Anyway, all your responses have given me a much better context, and, more importantly, the confidence to venture forth. Now, all I need to do is get the motorhome and get used to driving the thing.

Thank you all for taking the time to respond; it is reassuring to know what a wealth of knowledge is out there. I'm afraid though, that it means I'll be back again soon with further challenges for you. Thanks again.

David


----------



## Topefisher (Apr 20, 2011)

The ability to carry extra water and store more extra grey waste is a very important factor as already mentioned.

Also is the ability to carry and store an extra one or even two more toilet cassettes.

Good payloads become important to enable this which is another important factor.

Your unit needs to be set up with extra leisure battery(s), possibly solar panel or even generator. This again reflects the need for good payload.

I don't think that the fact you take up one or two parking spaces in a car park is relevant to your original question as that is a different issue since parking in car parks or layby's isn't really " wild camping". If you are going to do car parks you may as well do industrial units where you will have megga space.


----------



## nicholsong (May 26, 2009)

Topefisher said:


> The ability to carry extra water and store more extra grey waste is a very important factor as already mentioned.
> 
> Also is the ability to carry and store an extra one or even two more toilet cassettes.
> 
> ...


I forgot to mention the extra toilet cassette(s) - we carry one and, with remembering to use cafe/supermarket facilities before returning to the MH, enables us to go for a week plus without needing to find emptying point.

I think the posts about Car Park spaces were more in connection with shopping/town centre visiting than 'overnighting'. For those occasions "Pay and Display" along roads where there are no 'bay' markings are useful, but also we often park outside the restricted parking area and use the bicycles.

'Horses for courses' or 'Bikes for Bottoms' :roll:

Geoff


----------



## Arrachogaidh (Sep 27, 2011)

No Overnight Parking signs to be removed.....
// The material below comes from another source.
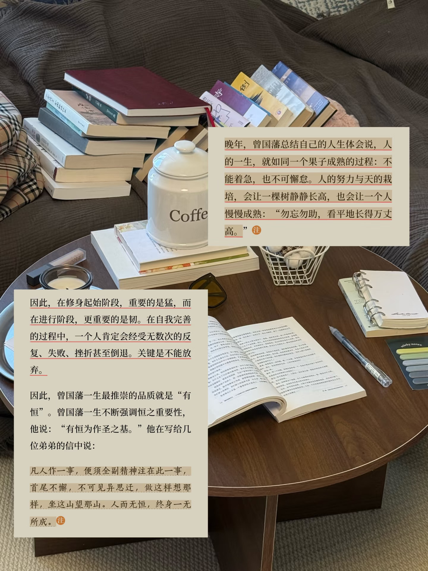 晚年,曾国藩总结自己的人生体会说,人的一生,就如同一个果子成熟的过程:不能着急,也不可懈怠。人的努力与天的栽培,会让一棵树静静长高,也会让一个人慢慢成熟:“勿忘勿助,看平地长得万丈高。 - “每一个人的生命太短,不能经历所有的体验,我们走进别人的故事其实是在延长自己的生命。”再次走进曾国藩的生命,读几页《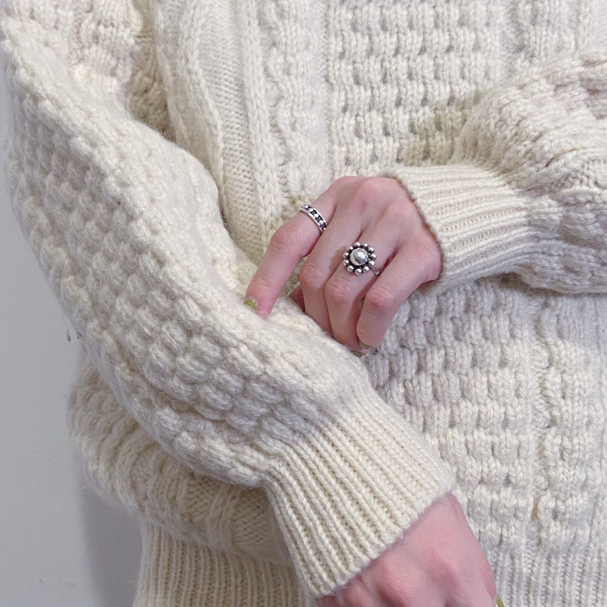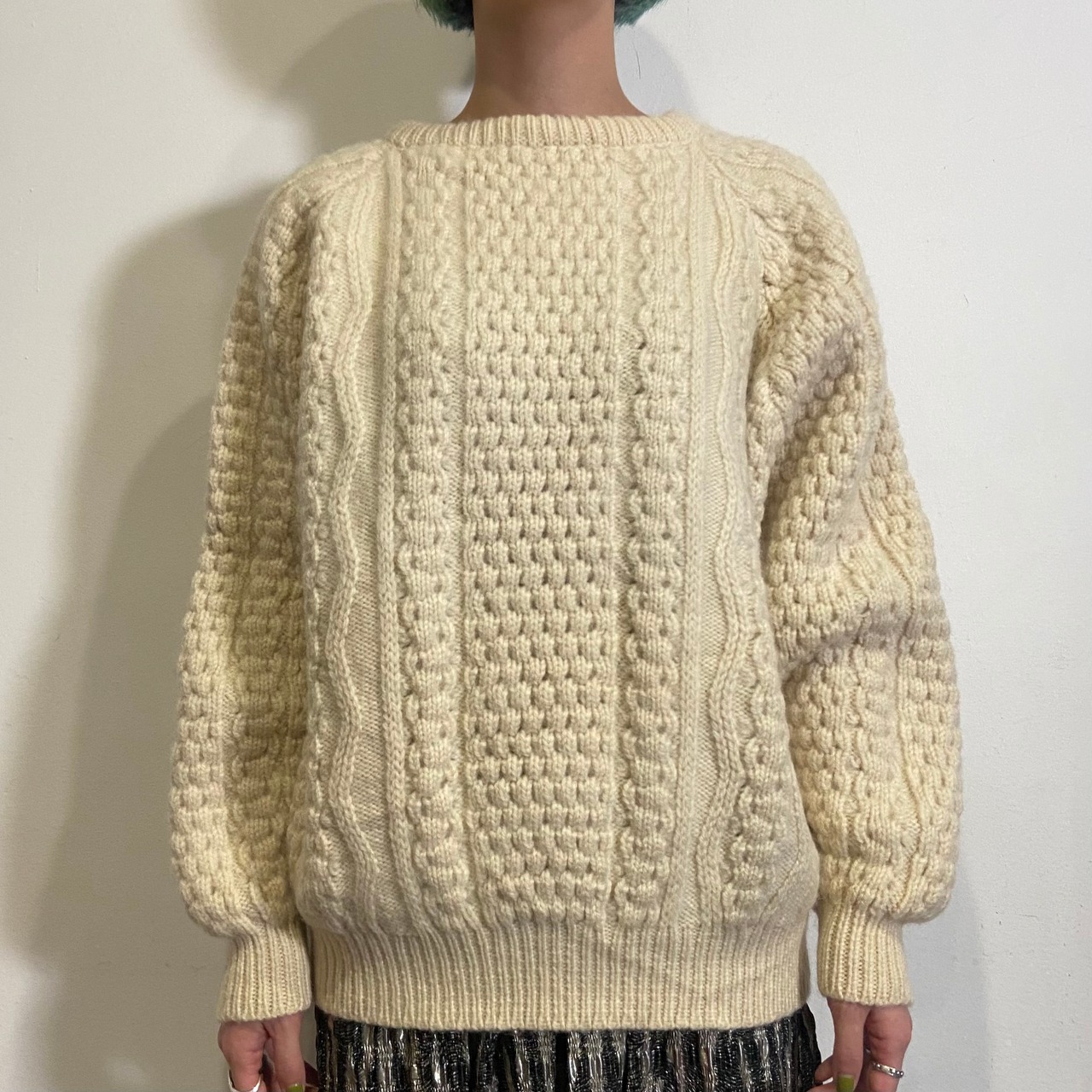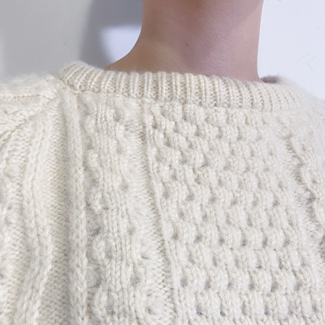 ゆったりサイズが可愛いフィッシャーマンニットです。

http://www.bbc.co.uk/news/uk-scotland-highlands-islands-19672972


----------



## listerdiesel (Aug 3, 2012)

You adapt to what you are driving?

Our outfit is 12m long (Discovery + trailer) and being a turntable 6-wheel trailer it isn't easily turned or moved in a limited space, but you can always find 'something', it's just a case of looking at places that will accomodate what you are driving.

At least we can park the trailer and drive the car separately if we need to.

Peter


----------